Integration with other systems

One of the key points that is often overlooked is compatibility with existing infrastructure. Our company Shandong Linyao Intelligent Agriculture Technology LLC develops solutions that can integrate with most popular accounting platforms.

Integration with weather services is especially important - we work with several data providers to minimize forecast errors. But there is a nuance here - different services can give discrepancies of up to 30%, so we use average indicators.

The most difficult part is the integration of fertilizer application systems - it requires precise dosing and pH/EC control. We have developed our own mixing units with dosing accuracy of up to 1%, which is more than enough for agriculture.

Economic efficiency and payback

Many people ask about the payback period - on average 2-3 seasons for large farms. But here a lot depends on the culture and the initial efficiency of water use. For example, for vegetable growing in protected soil, the system can pay for itself in one season.

The main savings are achieved not so much by saving water (although this is 15-20%), but by increasing productivity and product quality.

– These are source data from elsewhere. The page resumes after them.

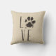 A pillow with a cute illustration of a sketched dog paw print in brown with a grunge style. The letters spell out the word "Love" with the paw print in place of the letter "o". Awesome for pet lovers.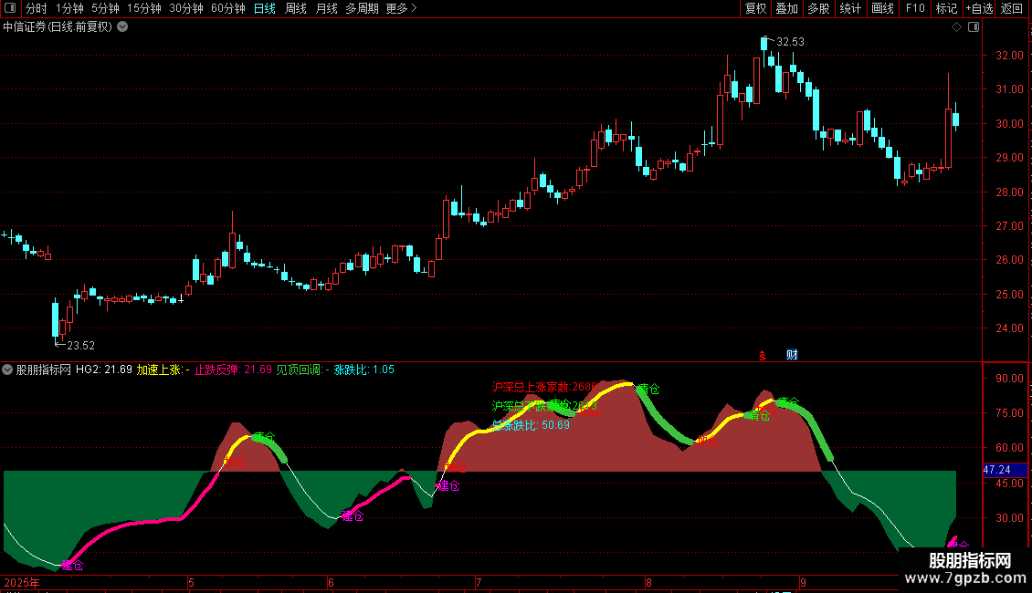 下跌趋势:=IF(HG1< 50,HG1,DRAWNULL),COLORGREEN;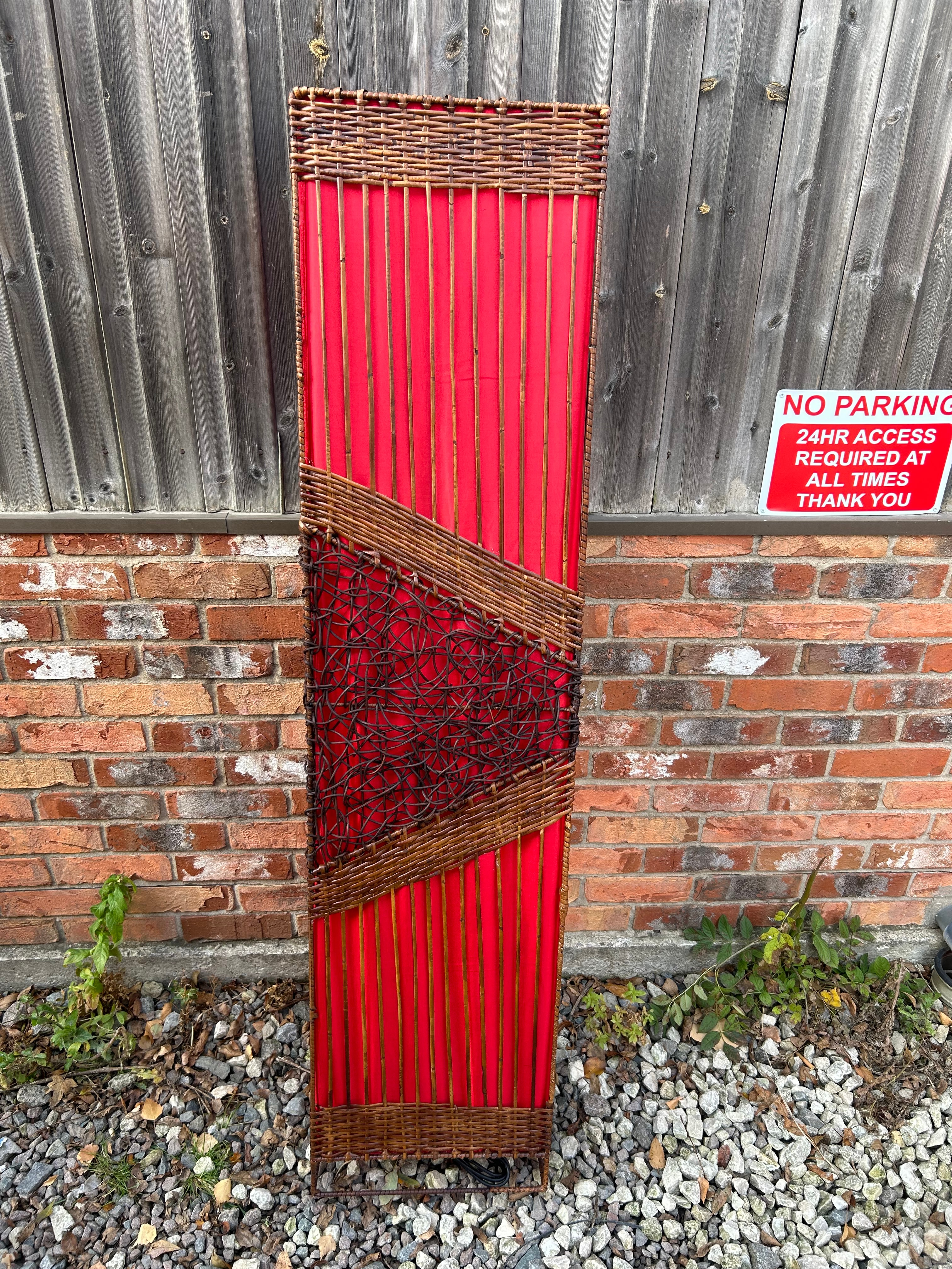A tall, rectangular panel, handmade in Thailand, constructed from light-brown woven wicker and rattan. It features numerous thin, vertical wooden rods, likely bamboo, set against a vibrant red fabric or paper backing. A prominent diagonal band of woven wicker frames an area of darker, intricately woven material within the red section. A black electrical cable is visible emerging from the base, indicating its function as a floor lamp. No manufacturer’s marks or other textual inscriptions are visible on the item.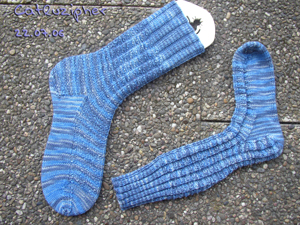 sind bei mir aus der Färbeleien – Swap – Wolle entstanden. Dafür habe ich die Vorgaben etwas meinen Größenverhältnissen angepasst. Die Wolle hat beim Verstricken richtig Spaß gemacht vor allem das Schwelgen in meiner Lieblingsfarbe. Leider ist viel von dem Muster in der Wolle untergegangen. Naja, dann genieße ich eben die Farben.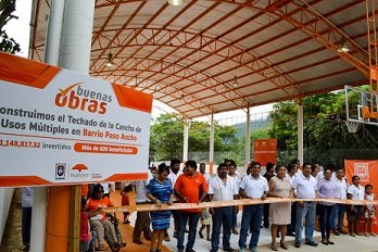 Gobierno de Huatulco inaugura techado en Paso AnchoSeptiembre 30 de 2017.- Para brindar lugares de esparcimiento adecuados para la sociedad, el Gobierno Municipal de Santa María Huatulco que preside José Hernández Cárdenas, inauguró la construcción del techado de la cancha de usos múltiples del Barrio Paso Ancho, en la Cabecera Municipal, beneficiando así a más de 600 vecinos del lugar y comunidades aledañas.

Plants receive optimal nutrition at the right time, which is especially critical during the harvest phase.

We keep statistics on all implemented projects - on average, the increase in yield is 12-18% while reducing the cost of electricity and fertilizers. But the main thing is the stability of results from year to year, which is priceless for agriculture.

Prospects for technology development

We are now experimenting with predictive algorithms - the system should not only respond to current conditions, but also predict the needs of plants 5-7 days in advance. This is especially true for perennial crops.

Another direction is simplifying interfaces. Experience shows that the most effective systems are those that are easy to use. We are gradually moving away from complex settings to intuitive recommendations.

And of course, work on reliability - agricultural machinery operates in aggressive conditions, and the requirements for equipment are appropriate. We test each component of the system in different climatic zones before mass production.

To sum it up -Fully automatic intelligent remote control for water and fertilizer integrationceased to be exotic and became a working tool for progressive farms. The technology has proven its effectiveness, the main thing is competent implementation taking into account specific conditions. As our experience at Shandong Linyao Intelligent Agriculture Technology LLC shows, success depends not so much on the complexity of the system, but on understanding agronomic processes and attention to detail.